Note, performance tests are being done to show the improvements with the proposed changes. Results to follow. Added to section Benchmark results.
This KIP proposes to make new leader information available in the ProduceResponse and FetchResponse when a newer leader is known by the receiving broker. This should help us eliminate the metadata refresh from the critical path of the Produce and Fetch requests, which can be very latency-sensitive. This is an optimization mentioned in KIP-595, which uses a similar technique but only for the metadata log and the Fetch RPC.
Following sections will consider the situations in which leadership changes. This could happen due to a controlled shutdown, replica reassignment, or preferred leader election.

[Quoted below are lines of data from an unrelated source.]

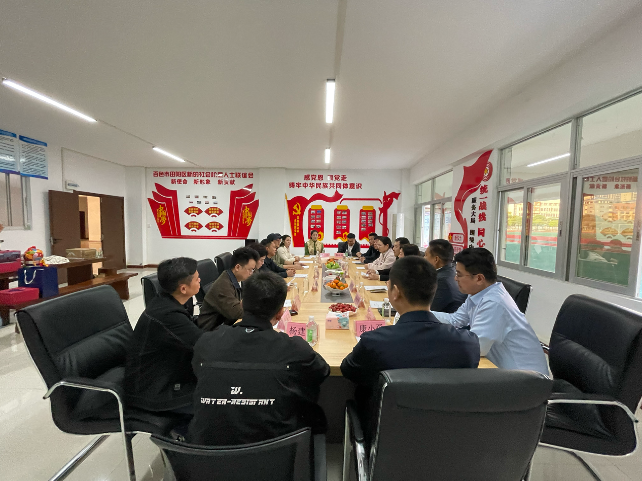 随后,登封市考察团与百色市田阳区统战部、新联会举行专题座谈会。会上,两地统战部、新联会负责人分别介绍了统战工作、民族工作、新联会建设的经验做法。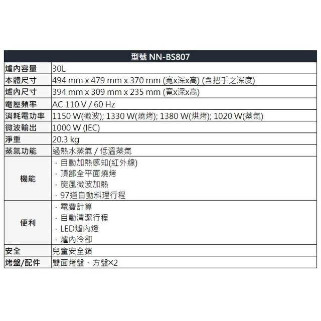 Panasonic 國際牌Panasonic國際30L蒸烘烤微波爐 NN-BS807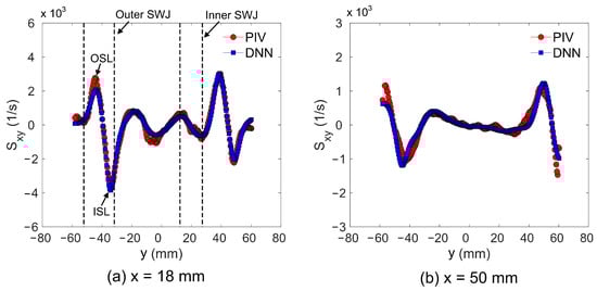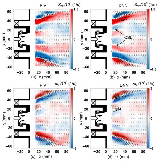 Figure 15c,d display the comparison of the 2D distribution of vorticity between the PIV data and the DNN prediction. As expected, the 2D vorticity field is similar to the distribution of the strain rate, indicating that the viscous fluid shear leads to the rotation of fluid elements and mutual shear deformation at the same time. Positive and negative vorticity represents the counterclockwise and clockwise orientation of flow vortex rotations. The outer SWJ is found with high vorticities of more than 3000 s−1, which also corresponds to the ISL and OSL shown in Figure 15b. These regions of peak vorticities illustrate that the intense mixing and vortex rotations occur between the SWJ and recirculating flow.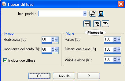 2. Regola>Morbidezza>Fuoco diffuso, con i seguenti settaggi.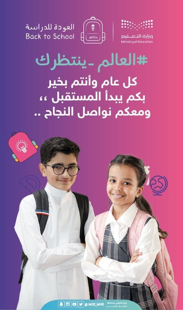 مؤكدًا على أهمية دور مديري ومديرات المدارس في قيادة العملية التعليمية في المدارس، وكذلك أهمية دور الأسرة في العمل على تهيئة الأبناء من الطلاب والطالبات؛ للعودة لمقاعد الدراسة، والبداية الجادة والمميزة بعد تمتعهم بإجازتهم السنوية،فيما تزامن النشرالإعلامي عبر الحسابات الرسمية للإدارة ومكاتب التعليم والمدارس وفق الإطار العام للخطة الإعلامية بهدف تهيئة المجتمع ومنسوبي التعليم والطلبة للتحقيق البداية الجادة للعام الدراسي وبث روح الإيجابية والحماس في نفوس الطلبة لمواصلة مسيرتهم التعليمية متضمنة عدد من الرسائل الاتصالية للاستعداد والتهيئة والترحيب بعودة الطلاب والطالبات سائلًا الله لهم التوفيق والنجاح لعامٍ سعيدٍ شعاره العلم وثماره المعرفة .
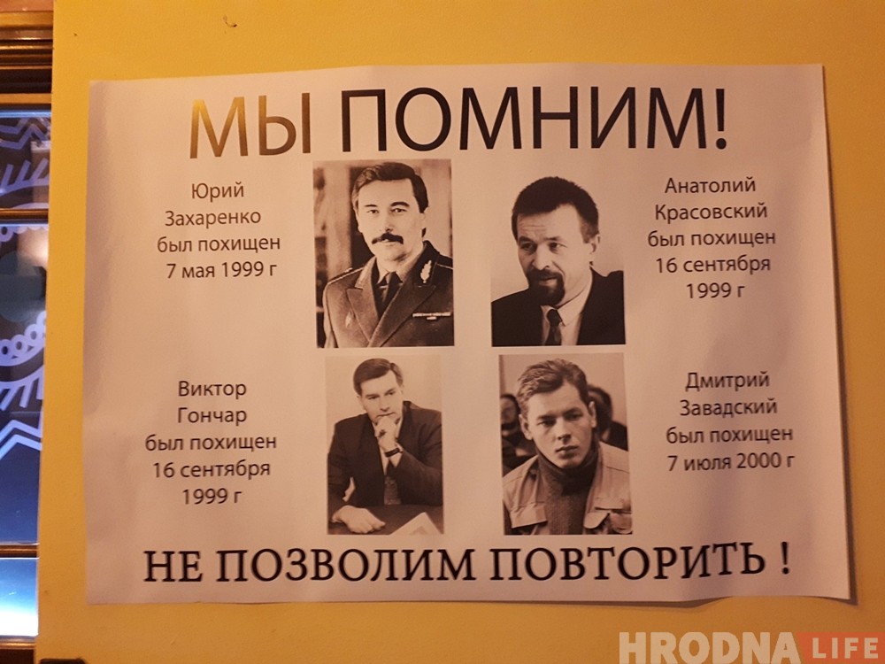 Увечары 16 верасня на вуліцы Савецкай з’явіўся вялікі плакат са згадваннем выкрадзеных і зніклых без вестак палітыкаў Віктара Ганчара і Юрыя Захаранкі, бізнэсмэна Анатоля Красоўскага і журналіста Дзмітрыя Завадскага.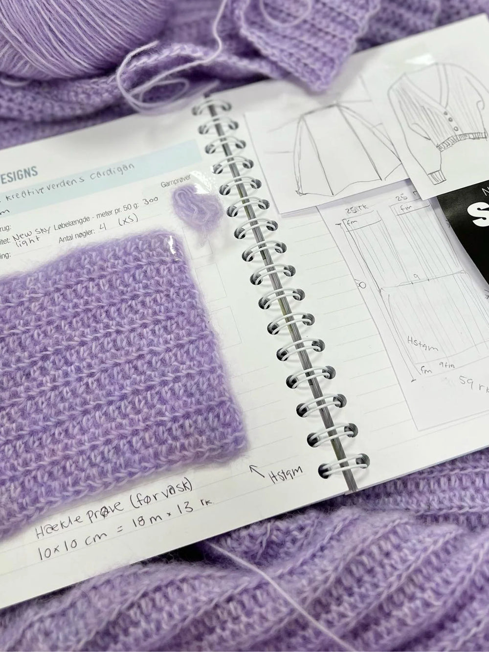 Journalen har sider med plads til at klippe og klistre garn, idéer mm. fast. Og med rig mulighed for at skrive tanker, opskrifter og inspiration ned.

When the leader of a partition changes from the old leader to a new leader, the old leader can inform the client of the new leader’s LeaderEpoch & LeaderId via ProduceResponse and FetchResponse if it has that information. Notably, this information is sent together with the existing error codes of NOT_LEADER_OR_FOLLOWER and FENCED_LEADER_EPOCH. The new leader information is obtained from either the replica partition state (if the receiving broker continues to be a replica of the partition) or from the broker’s metadata cache (if the receiving broker is not a replica for the partition because of reassignment). These new leader fields will be optional (tagged), if the old leader does not have this information for any reason it does not need to populate them and the client would do a full metadata refresh.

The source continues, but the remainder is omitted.